TASK REQUIREMENTS =
Without changing a word, copy every line of the listing below and leave out the images.

SUPPLIED INFORMATION START

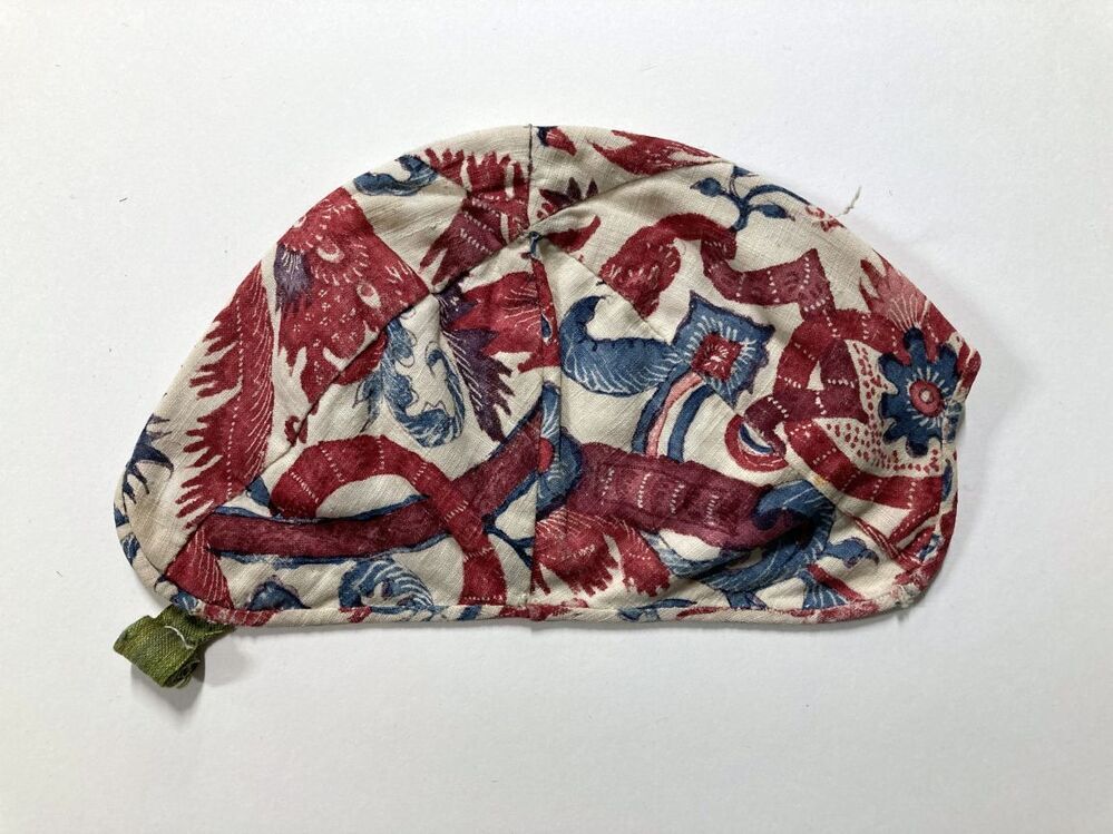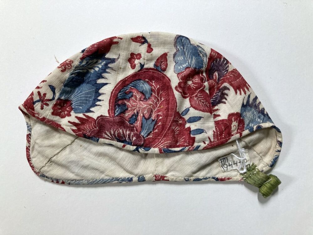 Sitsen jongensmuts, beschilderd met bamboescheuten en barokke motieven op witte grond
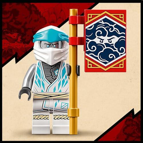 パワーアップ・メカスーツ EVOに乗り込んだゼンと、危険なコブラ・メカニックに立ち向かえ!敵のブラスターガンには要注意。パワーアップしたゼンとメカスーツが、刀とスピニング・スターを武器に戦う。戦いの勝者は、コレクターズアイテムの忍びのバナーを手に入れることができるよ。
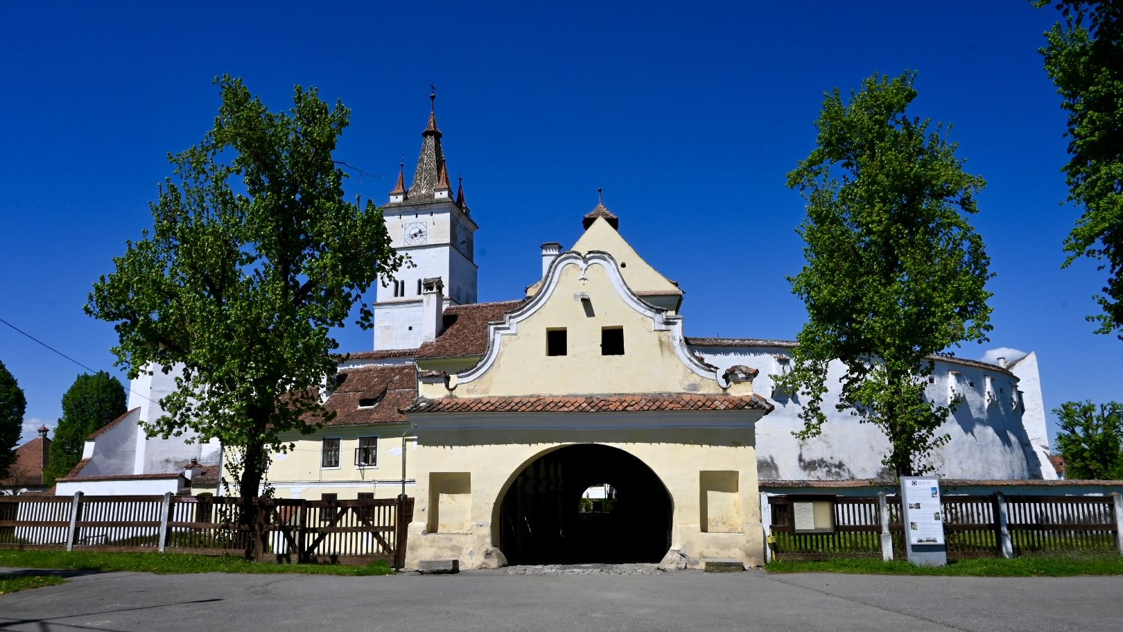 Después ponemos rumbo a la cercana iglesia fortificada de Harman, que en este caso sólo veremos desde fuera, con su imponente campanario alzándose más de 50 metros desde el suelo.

SUPPLIED INFORMATION END

OUTPUT =
 Sitsen jongensmuts, beschilderd met bamboescheuten en barokke motieven op witte grond
 パワーアップ・メカスーツ EVOに乗り込んだゼンと、危険なコブラ・メカニックに立ち向かえ!敵のブラスターガンには要注意。パワーアップしたゼンとメカスーツが、刀とスピニング・スターを武器に戦う。戦いの勝者は、コレクターズアイテムの忍びのバナーを手に入れることができるよ。
 Después ponemos rumbo a la cercana iglesia fortificada de Harman, que en este caso sólo veremos desde fuera, con su imponente campanario alzándose más de 50 metros desde el suelo.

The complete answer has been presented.